China bans gold farming, temperature of hell drops slightly

In a  recent joint press release from China’s Ministry of Culture and Ministry of Commerce, the country announced that it will no longer tolerate the trade of real goods for virtual ones. The circular released by two ministries stated that, “the virtual currency, which is converted into real money at a certain exchange rate, will only be allowed to trade in virtual goods and services provided by its issuer, not real goods and services.” In defining what constitutes “virtual currency,” the ministries’ also included prepaid game cards, making the reach of this legislation a fairly wide one.

The new rule will be enforced by “public security authorities” and comes on the heels of the government’s increasing fear that the rising rate of conversion between virtual and real money will soon have an impact on the country’s economy. And this fear may not be all that irrational; after all, China boasts the most internet users in the world with 298 million. In addition, the virtual money trade market hit several billion yuan* after rising 20 percent over the previous year. With such a large market, its no surprise that they want to set a few more rules.

So what does this all mean for you? Well, for one thing, it could mean less in-game inflation for your favorite MMO’s (if it really does prevent gold selling).

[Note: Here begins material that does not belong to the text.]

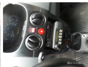
Fot. 24 foto 24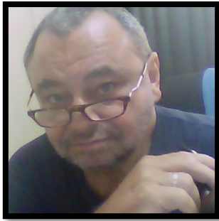
EDUARDO FACCHINI EMBALAGEM E UNITIZAÇÃO DE CARGAS INOVAÇÃO E EMPREENDEDORISMO

It could also be a bad thing, if you were one of the buyers that is. Less gold-sellers means less competition, less competition means increasing rates, maybe even beyond what you can afford, and that could mean that you might actually have to -gasp- earn in-game money yourself. One final issue is that more and more countries are laying down legislation on the virtual world, which was once highly unregulated. Right now, the internet is one of the last bastions of non-censorship (whether that’s good or bad is for you to decide) but there are plenty of people who’d love to change that and each new virtual law could be a small step in that direction. Luckily, this one was a very small step.